A user of our cluster is trying to carry out NU refinement and experiencing job failure that appears to be due to memory issues.
We are looking at a reasonably big particle where a box size of 864 allows us to see important additional features. We can run NU refinement successfully at a box size of 810, but any larger seems to run into job failure.
I am hoping to get some advice on the likely cause of job failure and if there is any way of predicting how much memory (either system RAM or VRAM) is likely to be needed for NU refinement.
Our cluster nodes have 250 Gb system RAM and 48Gb VRAM (A6000) available, and my reading of this forum has led me to think that they should be able to handle a larger box size than 810px. We are not using CTF refinement during NU refinement jobs and are running in low-memory mode since we have experienced memory related job failures.
Are there any characteristics of samples or systems that can lead to higher than usual memory requirements?
@EdLowe Please can you post the exact error message at the job’s failure?
Also, can one assume that a the failed job had exclusive and complete use of the node’s system and GPU RAM. Some cluster workload managers limit jobs to a subset of the node’s resources. Such constraints and potential node sharing would not be a problem per se, but relevant to the examination of the failure’s cause.
Thanks very much for your reply. The job should have full and exclusive access to the node’s RAM in this case as far as I know. The job is being allocated 240 Gb system RAM by slurm and under these conditions the node will not accept any other jobs.
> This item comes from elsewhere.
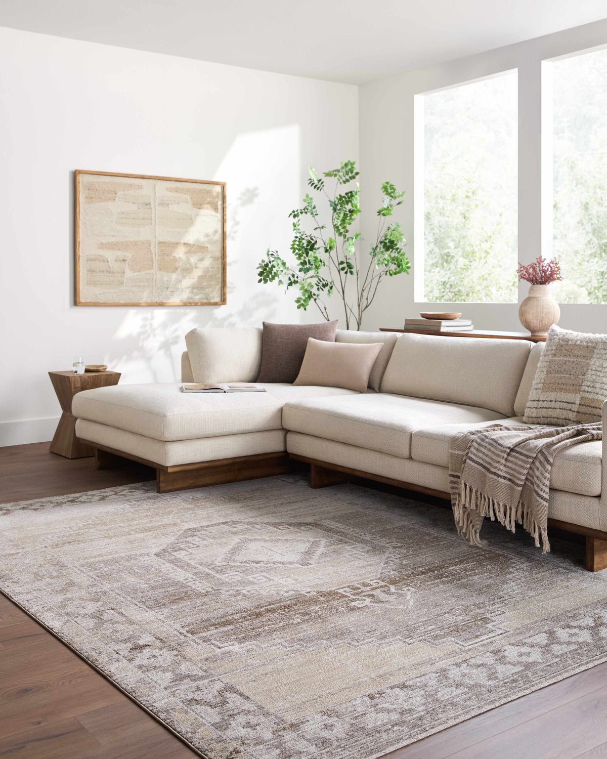 When selecting a living room rug, choose one that anchors your furniture by either placing all the legs on the rug or just the front legs, which helps define the seating area and enhances the room’s acoustics.

I am not aware of the job’s access to VRAM being constrained in any way - if slurm or cryoSPARC configuration are doing so I am not aware of it.
The slurm.err file contains this line only:
slurmstepd-linux1006: error: Detected 1 oom-kill event(s) in step 7500202.batch cgroup. Some of your processes may have been killed by the
cgroup out-of-memory handler.
The largest amount of RAM I can see reported as used in the event log is 194.26 Gb. Large, but quite a long way short of the system RAM available.
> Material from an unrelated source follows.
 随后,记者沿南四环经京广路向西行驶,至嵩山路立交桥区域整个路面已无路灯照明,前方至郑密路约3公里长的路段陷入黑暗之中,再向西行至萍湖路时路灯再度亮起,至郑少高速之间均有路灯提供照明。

These are the lines in job .log following the last succesful cycle of refinement (with many hearbeat lines removed)
:1: RuntimeWarning: invalid value encountered in true_divide
:1: DeprecationWarning: np.bool is a deprecated alias for the builtin bool. To silence this warning, use bool by itself. Doing this will not modify any behavior and is safe. If you specifically wanted the numpy scalar type, use np.bool_ here.
Deprecated in NumPy 1.20; for more details and guidance: NumPy 1.20.0 Release Notes — NumPy v2.5.dev0 Manual
:1: DeprecationWarning: np.bool is a deprecated alias for the builtin bool. To silence this warning, use bool by itself. Doing this will not modify any behavior and is safe. If you specifically wanted the numpy scalar type, use np.bool_ here.
Deprecated in NumPy 1.20; for more details and guidance: NumPy 1.20.0 Release Notes — NumPy v2.5.dev0 Manual
/mnt/beegfs/software/structural_biology/release/cryosparc/seiradake/cryosparc/cryosparc_worker/cryosparc_compute/sigproc.py:660: FutureWarning: rcond parameter will change to the default of machine precision times max(M, N) where M and N are the input matrix dimensions.
To use the future default and silence this warning we advise to pass rcond=None, to keep using the old, explicitly pass rcond=-1.
x = n.linalg.lstsq(w.reshape((-1,1))A, wb)[0]
/mnt/beegfs/software/structural_biology/release/cryosparc/seiradake/cryosparc/cryosparc_worker/cryosparc_compute/plotutil.py:571: RuntimeWarning: divide by zero encountered in log
logabs = n.log(n.abs(fM))
/mnt/beegfs/software/structural_biology/release/cryosparc/seiradake/cryosparc/cryosparc_worker/cryosparc_compute/plotutil.py:44: RuntimeWarning: invalid value encountered in sqrt
cradwn = n.sqrt(cradwn)
:1: UserWarning: Cannot manually free CUDA array; will be freed when garbage collected
:1: RuntimeWarning: invalid value encountered in true_divide
Quick comment; some distros have the OOM daemon set extremely aggressively (i.e. it’ll kill the process long before you consume all system RAM). Ubuntu had problems with this initially in beta testing of 24.04 if I remember correctly. Server distros tend to prioritise not having the system hard lock (which can happen on OOM)
Also some memory spikes are faster than user-accessible polling reads by default (or CryoSPARC reports). If a 1050 pixel box can consume 440GB+ in NU refine, it wouldn’t surprise me if 850+ is maxing out a system with 250GB. A quick test (not recommended for long-term deployment) would be create an 250GB swapfile on an NVMe SSD for that node, see if it breaks 250GB. Then you know you need an upgrade.
Thanks, this is helpful. In this specific case we were not resolution limited and were able to get around the problem by Fourier cropping to 810 px, but it is likely that either larger systems or similar systems at higher resolution are in our future, so we will need to look at expanding the RAM on at least a few nodes.